HUMAN PANGENOME MAP – SCIE & TECH

News: Explained | Understanding a human pan-genome map

 

What's in the news?

       A new study published in the May 10 issue of the Nature journal describes a pan-genome reference map, built using genomes from 47 anonymous individuals (19 men and 28 women), mainly from Africa but also from the Caribbean, Americas, East Asia, and Europe.

 

Genome:

       The genome is the blueprint of life, a collection of all the genes and the regions between the genes contained in our 23 pairs of chromosomes.

       Each chromosome is a contiguous stretch of DNA string.

       In other words, our genome consists of 23 different strings, each composed of millions of individual building blocks called nucleotides or bases.

       The four types of building blocks (A, T, G and C) are arranged and repeated millions of times in different combinations to make all of our 23 chromosomes.

 

Genome Sequencing:

       Genome sequencing is the method used to determine the precise order of the four letters and how they are arranged in chromosomes.

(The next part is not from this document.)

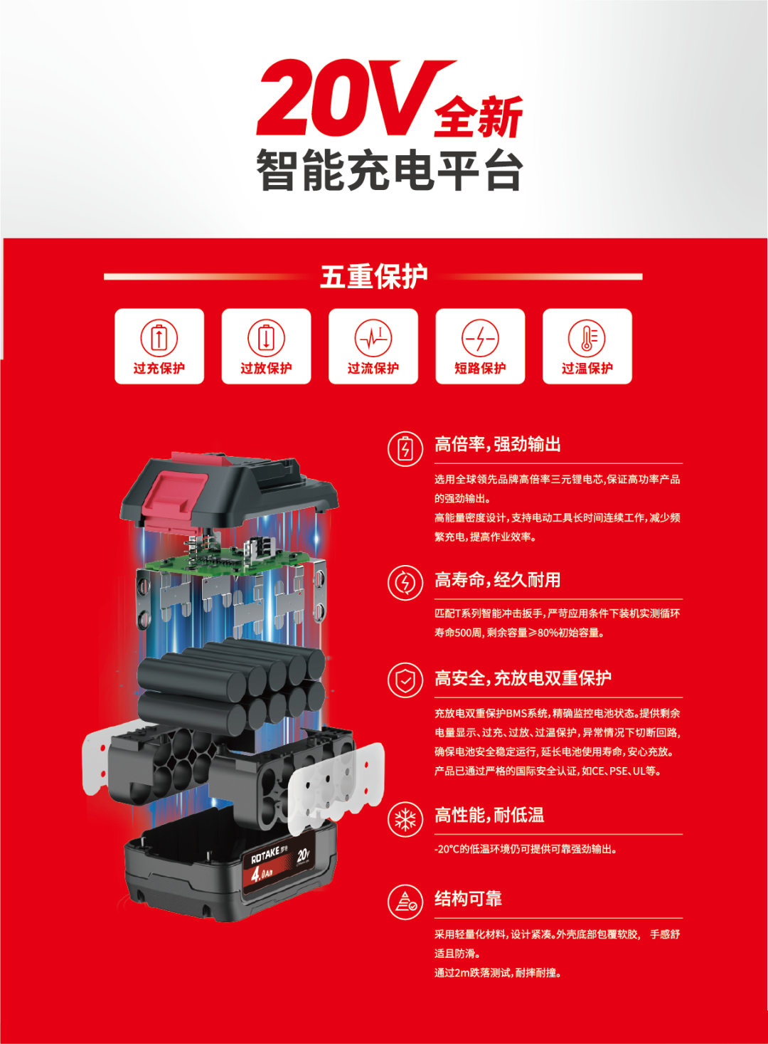 罗特20V电池包不止于通用,其核心性能更是为各种复杂工况而生:

       Sequencing individual genomes helps us understand human diversity at the genetic level and how prone we are to certain diseases.

 

What is a reference genome?

       When genomes are newly sequenced, they are compared to a reference map called a reference genome.

       This helps us to understand the regions of differences between the newly sequenced genome and the reference genome.

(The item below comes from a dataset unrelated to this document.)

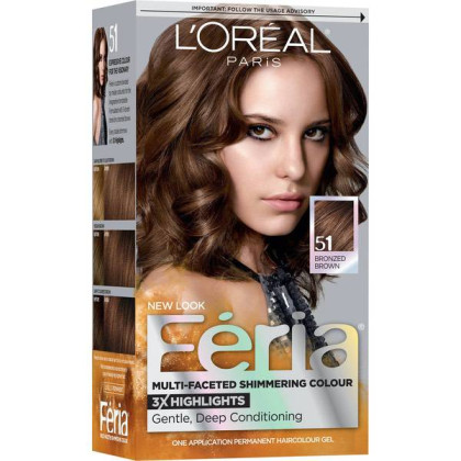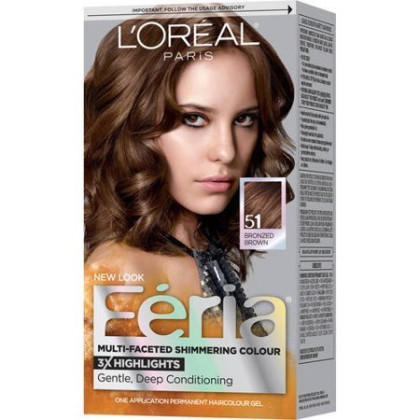 About This Item We aim to show you accurate product information. Manufacturers, suppliers and others provide what you see here, and we have not verified it. See our disclaimer With L'Oreal Feria, what you see is the shimmer. Multi-Faceted shimmering color with 3X highlights delivers intensified, brilliant results. Inspired by fashion, Feria offers a twist on the traditional and gives edgy hair color - from bright red, platinum blonde, rose gold, metallic brown, to blue black hair color, these hair dye kits will transform your hair. Feria's prismatic color spectrum is custom-blended by L'Oreal master colorists for bold, head-turning shades – no appointment necessary. The Power Shimmer Conditioner seals and smooths. Won't wreck or ravage hair. Packaging may vary, what you receive may not be what is reflected on site. L’Oreal Paris Feria Multi-Faceted Shimmering Color with 3X the highlights delivers intensified, brilliant results Never leaves hair dull or flat Seals and smooths hair, never wrecks or ravages hair Delivers trendy, edgy, shimmering, fashionable and multi-tonal hair colors

       One of this century’s scientific breakthroughs was the making of the first reference genome in 2001.

       It helped scientists discover thousands of genes linked to various diseases; better understand diseases like cancer at the genetic level; and design novel diagnostic tests.

       Although a remarkable feat, the reference genome of 2001 was 92% complete and contained many gaps and errors.

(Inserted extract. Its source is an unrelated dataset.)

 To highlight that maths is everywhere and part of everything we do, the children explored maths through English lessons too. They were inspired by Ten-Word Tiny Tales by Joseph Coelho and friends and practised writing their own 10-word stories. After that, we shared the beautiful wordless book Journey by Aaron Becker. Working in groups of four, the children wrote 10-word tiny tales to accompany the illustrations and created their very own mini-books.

       Additionally, it was not representative of all human beings as it was built using mostly the genome of a single individual of mixed African and European ancestry. Since then, the reference genome map has been refined and improved to have complete end-to-end sequences of all the 23 human chromosomes.

       Although complete and error-free, the finished reference genome map does not represent all of human diversity.

 

Pan Genome Map:

       Unlike the earlier reference genome, which is a linear sequence, the pangenome is a graph.

       The graph of each chromosome is like a bamboo stem with nodes where a stretch of sequences of all 47 individuals converges (similar), and with internodes of varying lengths representing genetic variations among those individuals from different ancestries.

       To create complete and contiguous chromosome maps in the pan genome project, the researchers used long-read DNA sequencing technologies, which produce strings of contiguous DNA strands tens of thousands of nucleotides long.

       Using longer reads helps assemble the sequences with minimum errors and read through the repetitive regions of the chromosomes which are hard to sequence with short-read technologies used earlier.

 

Importance of Pan Genome Map:

Although any two humans are more than 99% similar in their DNA, there is still about a 0.4% difference between any two individuals. This may be a small percentage, but considering that the human genome consists of 3.2 billion individual nucleotides, the difference between any two individuals is a whopping 12.8 million nucleotides.

       A complete and error-free human pan genome map will help us understand those differences and explain human diversity better.

       It will also help us understand genetic variants in some populations, which result in underlying health conditions.

       The pangenome reference map has added nearly 119 million new letters to the existing genome map and has already aided the discovery of 150 new genes linked to autism.

 

India and Genome Sequence:

       Even though the current map does not contain genome sequences from Indians, it will help map Indian genomes better against the error-free and complete reference genomes known so far.

       Future pangenome maps that include high-quality genomes from Indians, including from many endogamous and isolated populations within the country, will shed light on disease prevalence, help discover new genes for rare diseases, design better diagnostic methods, and help discover novel drugs against those diseases.